Un morso e la corsa in ospedale per evitare la rabbia
Qualche giorno fa, rientrando a casa dopo aver portato mia figlia a scuola, percorrendo la strada verso il mare ma attaccata alle abitazioni, mi corre incontro un cane che vive in spiaggia da qualche tempo, lo conosco, lo chiamo dal balcone e gli dò da mangiare. Purtroppo il mio vicino, che mi è corso incontro per difendermi, non ha fatto in tempo e il cane mi ha morso. Veloce, feroce e all’improvviso. Non si ha il tempo per ragionare, il sangue sgorga copioso e si resta lì, senza capire bene cosa sia successo. Il mio vicino mi ha portata subito all’ospedale. I morsi di cani hanno la priorità sulle persone in sala d’attesa. Dopo un vaccino, quattro punture nella gamba e una medicazione nel giro di neanche mezz’ora ero di nuovo a casa. Dolorante, sanguinante e triste. Sì perché continuavo a pensare che se al posto mio ci fosse stata mia figlia, cosa sarebbe successo alla sua gamba?

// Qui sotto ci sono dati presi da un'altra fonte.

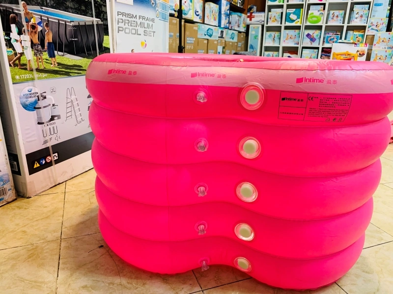نصب آسان: برای راهاندازی این وان بادی، تنها نیاز به یک پمپ باد دارید (پمپ باد برقی یا دستی قابل استفاده است). دریچههای ورودی هوا را باز کنید و وان را باد کنید.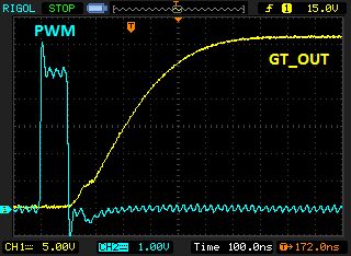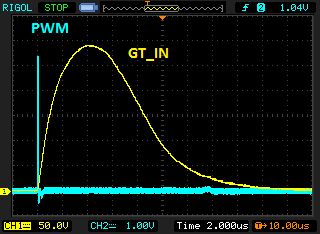 @Maxim S. (maxim) Benutzerseite >Also ich habe nun alles außer Q1 und Q2 entfernt und zwischen PWM und >GT_IN einen 100 Ohm Widerstand eingesetzt (siehe >Beitrag "Re: PWM-Auflösung im untersten Bereich verbessern"). Man könnte sogar direkt mit dem AVR ansteuern, der ist besser als sein Ruf. Beitrag "Re: Transistor, 1A, 4MHz Schaltfrequenz" >Der >Stromimpuls >durch die LED (gemessen an einem 1 Ohm Shunt) Wo und wie gemessen? >kommt nun an 50 ns heran >(wenn das PWM-Signal ebenfalls 50 ns breit ist)! Es gibt zwar noch kurze >Nachschwinger, aber das ist nebensächlich. Die LED kann nun so dunkel >gedimmt werden, dass sie nicht mehr wahrnehmbar ist. HEUREKA! >Da der BUZ11 bei 5V GS-Spannung aber nicht voll durchschaltet, erwärmt >er sich bei 100% PWM stark. Da wird demnächst ein Ersatz bestellt. IRLZ34N ist der Klassiker. >Ich habe nun noch eine Frage zur Stabilität der Schaltung: Wie bekomme >ich die hochfrequenten Spannungsschwankungen von der 5V-Schiene des uCs >weg? Elkos und Keramikkondensatoren nahe uC sind ja selbstverständlich. Wie und wo hast du gemessen? Bilder? Wie sieht dein Aufbau im Moment aus? Oft sind es auch Meßfehler.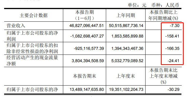 半年净利亏损10.83亿元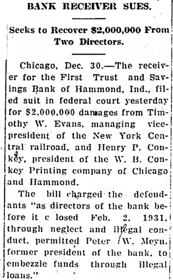 Chicago, Dec. 30.-The receiver for the First Trust and Savings Bank of Hammond, Ind., filed suit in federal court yesterday for $2,000,000 damages from Timothy W. Evans. managing vicepresident of the New York Central railroad, and Henry P. Conkey, president of the W. B. Conkey Printing company of Chicago and Hammond. The bill charged the defendants "as directors of the bank before it e losed Feb. 2. 1931, through neglect and illegal conduct. permitted Peter /w. Meyn. former president of the bank. to embezzle funds through illegal loans."

Devo essere sincera: quando sento che un cane ha morso qualcuno, penso subito che la persona se la sia “cercata” o l’abbia infastidito, o si sia messa ad urlare forte o abbia infastidito i cuccioli, insomma non ho mai dato la “colpa” al cane. Anche la cugina di mia figlia qualche mese fa è stata morsa e subito avevo pensato, “chissà cosa ha fatto a quel cane”. Ebbene, ecco, io camminavo tranquilla, stavo facendo un messaggio vocale a una mia amica, non guardavo da nessuna parte se non davanti a me ed ero quasi arrivata a casa. Per cui posso dire di non aver provocato per niente questo cane. Non so cosa gli abbia scatenato tanta aggressività e questo mi spaventa. Ora non scendo più da quel lato, e se anche in lontananza sento abbaiare mi vengono i brividi. Sono esperienze che ti segnano, anche se continuo a dirmi che avrà avuto le sue ragioni, ma la mia gamba con i suoi canini profondi, il gonfiore e gli ematomi mi dicono che niente giustifica questa ferocia gratuita.

Cosa fare in caso di morso da parte di un cane randagio non vaccinato
Ora sto seguendo la profilassi medica: devo fare altri tre vaccini, uno l’ho fatto ieri mattina e sono un totale di cinque. Non auguro a nessuno di viverlo, ma se dovesse succedere, l’infermiera mi ha detto di non disinfettare, ma usare il sapone verde tunisino e di mettere un asciugamano o una garza se basta, mai ovatta e disinfettante (come ho fatto io!). In questo periodo le persone morse dai cani sono circa 10 al giorno, nel mio quartiere, è un numero importante, non andrebbe sottovalutato. Mi sono anche recata in comune per denunciare l’accaduto, con tanto di gamba piena di sangue, faceva davvero effetto e per tutta risposta mi han detto, “cosa fai qui vai a farti medicare…” Non è di interesse comunale questo problema. Non bisogna fare allarmismi, ma non sottovalutate la pericolosità di questi cani, mi raccomando.